Z rozmyślań wyrwało mnie uczucie wsuwania czegoś w dłoń. Od razu spojrzałam na niewielkie, czarne pudełeczko wyłożone zielonym aksamitem, na którym znajdował się przepiękny, srebrny pierścionek ze złotym kamieniem. W niedowierzaniu zasłoniłam usta wolną ręką, cały swój wzrok skupiając na Blaise'ie.
- Czy to...- zaczęłam cicho.
- Jeszcze nie zaręczynowy.- powiedział chłopak, patrząc prosto w moje oczy.- To pierścień przyrzeczenia. Przyjmiesz go?
Słowa były proste, bez tych wszystkich cukierkowych ozdobników, którymi potrafiliśmy się karmić. Bez tych wszystkich wyznań, które już nie raz padały z naszych ust. I to właśnie te proste słowa, to proste pytanie, składające się ledwie z dwóch wyrazów sprawiło, że w moich oczach zakręciły się łzy, a po sercu rozlało się niewyobrażalne ciepło. Lale, przestań! Nie rozpłacz się!

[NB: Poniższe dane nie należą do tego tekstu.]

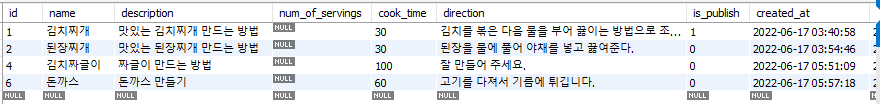 - is_publish = 1 인 값 확인 (select * from recipe)

W pierwszej chwili nie byłam w stanie odpowiedzieć werbalnie, bo jakiekolwiek słowo z moich ust, spowodowałoby wybuch płaczu. Blaise w tym czasie cierpliwie czekał, aż dam mu odpowiedź. A raczej czekałby spokojnie, gdyby nie niepewność malująca się w jego oczach, którą tak bardzo próbował ukryć. W końcu po kilku głębszych oddechach, byłam w stanie odpowiedzieć.
- Na pewno chcesz taką nierozważną, upartą, sprawiającą problemy i zmartwienia idiotkę?- spytałam, przypominając sobie rozpoczęcie się naszego związku.- Później nie dam ci odejść.

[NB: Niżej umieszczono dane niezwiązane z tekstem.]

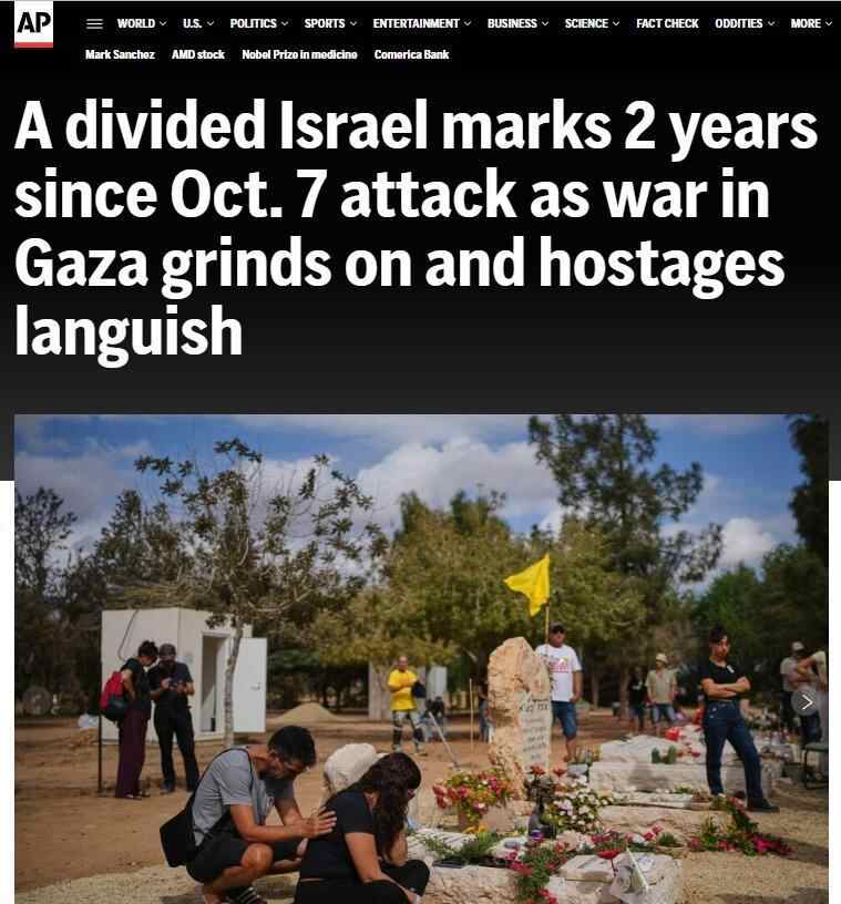 美联社7日发布的一篇报道关注了两年来加沙的冲突仍在持续,被扣押人员还在挣扎,与此同时以色列内部正在分裂。报道称,10月7日以色列人准备悼念遇难者,然而主要的悼念仪式是由遇难者家属组织的,而不是以色列政府。这反映出人们对内塔尼亚胡政府存在深刻分歧,许多人认为迟迟未能达成停火协议救回被扣押人员的主要责任方就是内塔尼亚胡。

- Kto powiedział, że będę chciał odejść?- spytał, a jego brew powędrowała w górę.
- A więc z chęcią przyjmę ten pierścionek, Blaise.- oznajmiłam.
Chłopak niezauważalnie odetchnął z ulgą, wyciągają pierścionek z pudełka i delikatnie wsuwając go na palec serdeczny mojej lewej dłoni. Pasował idealnie. Z delikatnym uśmiechem pocałowałam go, po czym bez słowa wróciliśmy do obserwowania spadających gwiazd. Słowa nie były nam potrzebne.
Dopiero kiedy częstotliwość widowiska zaczęła się zmniejszać, a do mnie zaczęły napływać otaczające nas dźwięki, które wyciszyłam, czując pudełko w rękach, wpadłam na pewien pomysł.
- Hej, Blaise?- zaczęłam.- Co powiesz na ostatnią kąpiel w morzu?
W odpowiedzi dostałam błysk oczu i szeroki, wszystko mówiący uśmiech.